■ **Problem**
Each line below must be transcribed exactly, and no picture may appear in the transcription.

■ **Given information**
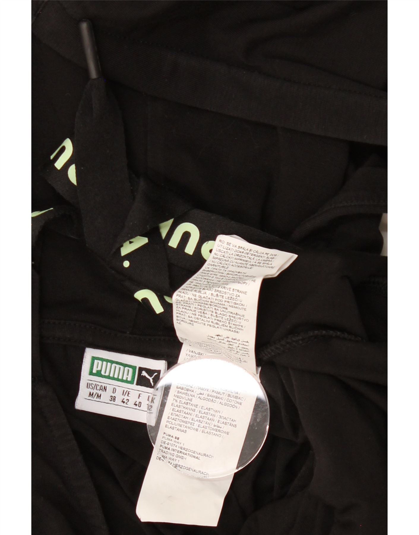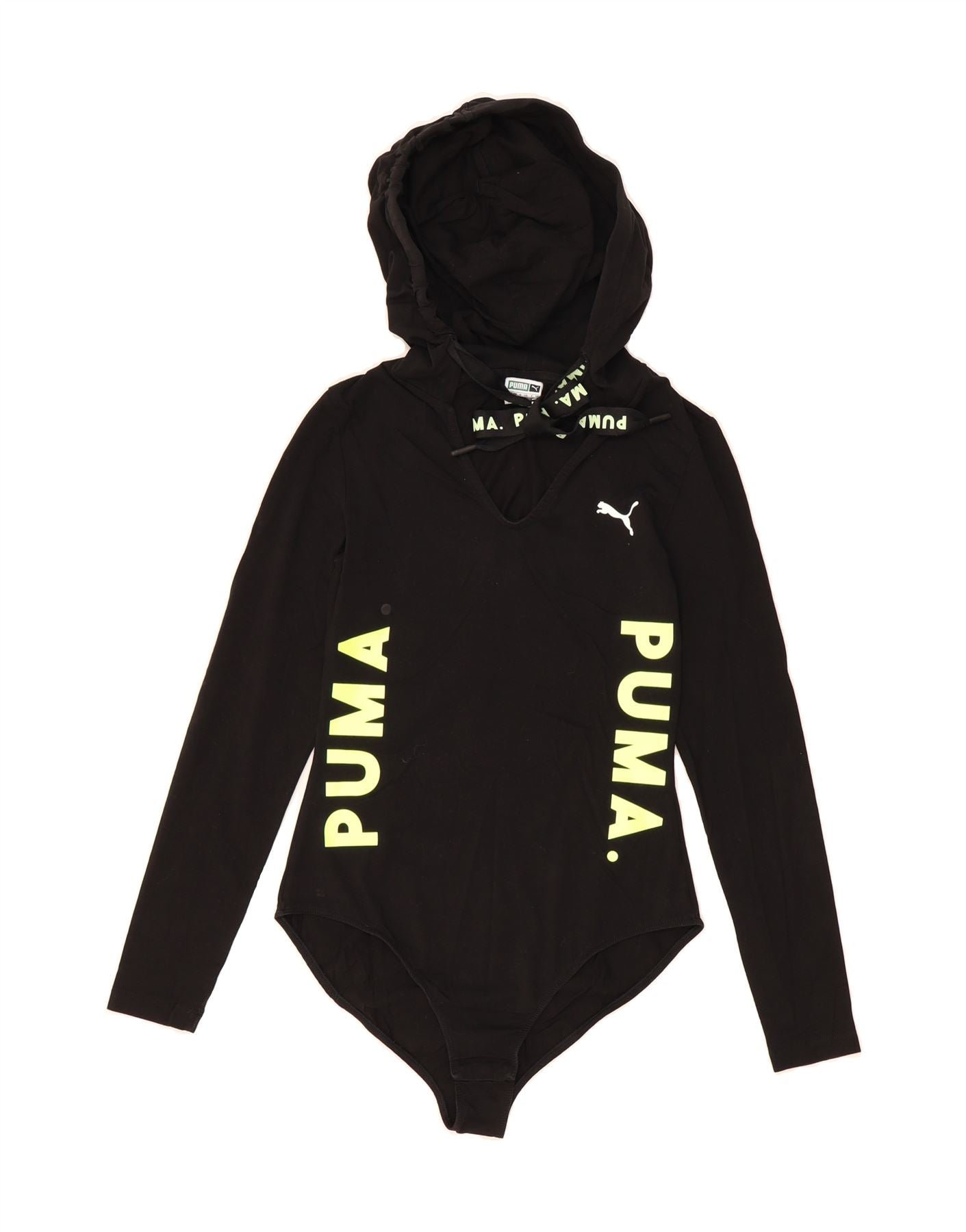 - AI Description: This pre-owned Puma bodysuit offers a sporty aesthetic. Crafted from a comfortable knit cotton blend with added stretch, it features long sleeves, a V-neckline, and a regular fit. The black bodysuit includes a hooded feature and subtle logo accent. A pullover closure ensures easy wear. In excellent condition. Label size M/M 38 42. Recommended retail price: £35.00.
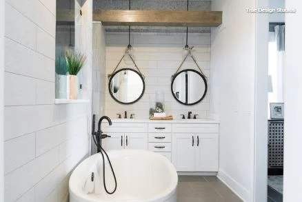 Round Rope Mirror Over Black Washstand Transitional Bathroom
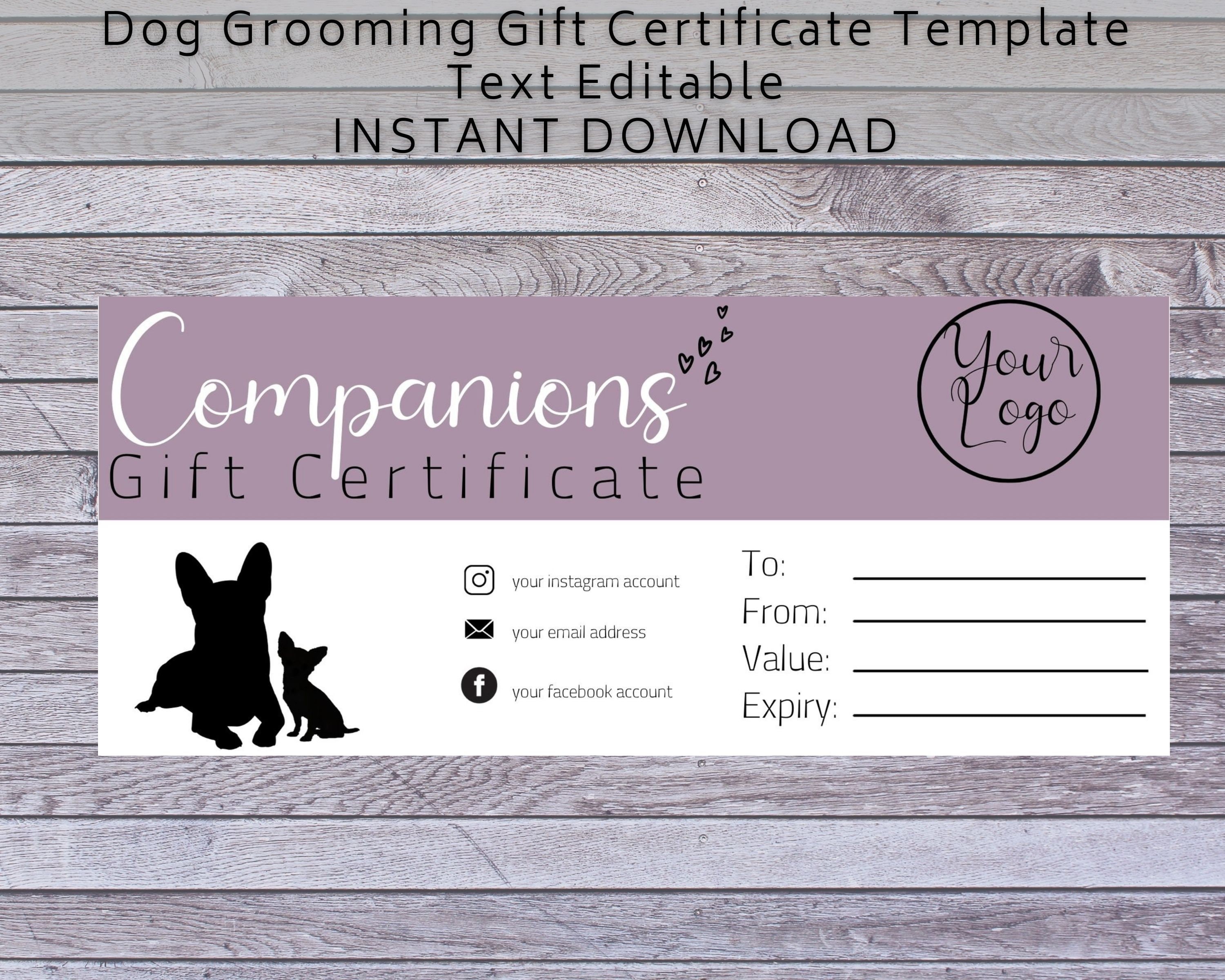Pet Grooming Gift Certificate Template Word Google Docs Adobe

■ **Your solution**
 - AI Description: This pre-owned Puma bodysuit offers a sporty aesthetic. Crafted from a comfortable knit cotton blend with added stretch, it features long sleeves, a V-neckline, and a regular fit. The black bodysuit includes a hooded feature and subtle logo accent. A pullover closure ensures easy wear. In excellent condition. Label size M/M 38 42. Recommended retail price: £35.00.
 Round Rope Mirror Over Black Washstand Transitional Bathroom
Pet Grooming Gift Certificate Template Word Google Docs Adobe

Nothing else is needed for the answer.